Il sensore di luminosità degli smartphone può essere utilizzato in modo improprio
È stato dimostrato che il sensore di luce ambientale presente in smartphone e tablet può essere sfruttato dagli hacker.
Oggi i telefoni cellulari vengono utilizzati frequentemente nella vita quotidiana per una vasta gamma di attività, come effettuare pagamenti, gestire processi lavorativi e persino annotare gli strani sogni che facciamo di notte. Tuttavia, purtroppo, questi prodotti tecnologici che sembrano salvarci la vita possono essere utilizzati anche per prenderci di mira. Un nuovo studio condotto dai ricercatori del MIT ha dimostrato come gli hacker possano sfruttare il sensore di luminosità del telefono per monitorare e ricostruire le nostre attività.

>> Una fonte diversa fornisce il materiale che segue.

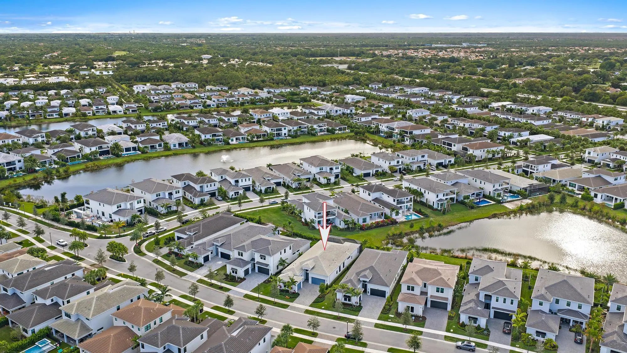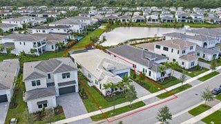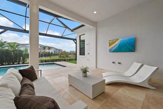A sanctuary of balance and design, this one-level home spans over 3,000 SQ. FT. of living space with 3 bedrooms, 3.5 baths, and an oversized den or 4th bedroom. The grand foyer features 17-ft. ceilings, and 12 ft. throughout. Only one owner of this new construction home that closed in 2024. The kitchen's statement island anchors the space and the kitchen features a full quartz backsplash, acrylic touch-latch cabinetry, and GE Monogram appliances complemented by Restoration Hardware lighting. The serene primary suite features wood floors, a floating double vanity, soaking tub, walk-in shower, and views of the saltwater pool. California Closets and roller shades in all rooms; automatic shades in the master, great room and den. Outdoors, relax on the travertine patio with screen enclosure, artificial turf, and partial lake view that evokes a private resort ambiance. Artistry residents have a gated entrance and exclusive access to a contemporary clubhouse with fitness center, resort-style pool, basketball & bocce courts, and more. Benefit from A-rated schools and proximity to pristine beaches, upscale shopping, exquisite dining, and golf courses. A home this special won't last long.

I sensori di luce ambientale vengono utilizzati dai telefoni per rilevare i livelli di luce nell'ambiente circostante e regolare di conseguenza la luminosità dello schermo, se l'impostazione di regolazione automatica è attiva. Mentre altre funzionalità del telefono, come la fotocamera o il microfono, richiedono il consenso dell'utente affinché le applicazioni possano accedervi, i sensori di luminosità solitamente non richiedono tale autorizzazione e i ricercatori ritengono che questo dettaglio possa essere sfruttato.
UN ALGORITMO IN GRADO DI UTILIZZARE LE VARIAZIONI RILEVATE DAL SENSORE DI LUMINOSITÀ
Il team del MIT guidato da Yang Liu ha sviluppato un algoritmo in grado di utilizzare le variazioni rilevate dal sensore di luminosità per ricostruire immagini delle interazioni tattili di una persona con il proprio telefono, come lo scorrimento.
Oltre a testare l'algoritmo su un tablet Android standard in diversi scenari, tra cui l'utilizzo di un manichino, di un ritaglio di cartone o di una mano umana per toccare lo schermo davanti a un manichino, hanno cercato di capire se fosse possibile rilevare e catturare gesti durante la visione di video. I risultati hanno rivelato che i dati del sensore di luminosità possono essere utilizzati per rilevare le interazioni con lo schermo e crearne delle immagini. In una dichiarazione, Liu ha affermato: “Questa minaccia alla privacy legata all'imaging non era mai stata dimostrata prima”.

Fortunatamente, questo metodo, che sembra piuttosto allarmante, appare ancora lontano dal trasformarsi in una minaccia concreta. Nello studio, la velocità di acquisizione delle immagini era di un solo fotogramma ogni 3,3 minuti; in altre parole, era così lenta da rendere quasi impossibile per chiunque tentasse di acquisire le immagini seguire le interazioni con il telefono in tempo reale. Anche quando riuscivano a ottenere immagini da un video naturale, queste risultavano piuttosto sfocate.
Tuttavia, i ricercatori suggeriscono alcuni modi per contribuire a mitigare potenziali rischi. Poiché l'obiettivo principale è il software, propongono che l'accesso ai sensori di luce ambientale venga limitato, richiedendo un'autorizzazione da parte degli utenti proprio come avviene per le richieste di accesso a fotocamera o microfono.
Suggeriscono inoltre di imporre un limite alle capacità dei sensori, mantenendo la sensibilità e la velocità a un livello sufficientemente basso da impedire l'acquisizione di immagini ad alta risoluzione, e di posizionare il sensore sul lato del dispositivo, dove non sarebbe in grado di rilevare i movimenti più rivelatori.
Lo studio è stato pubblicato su Science Advances.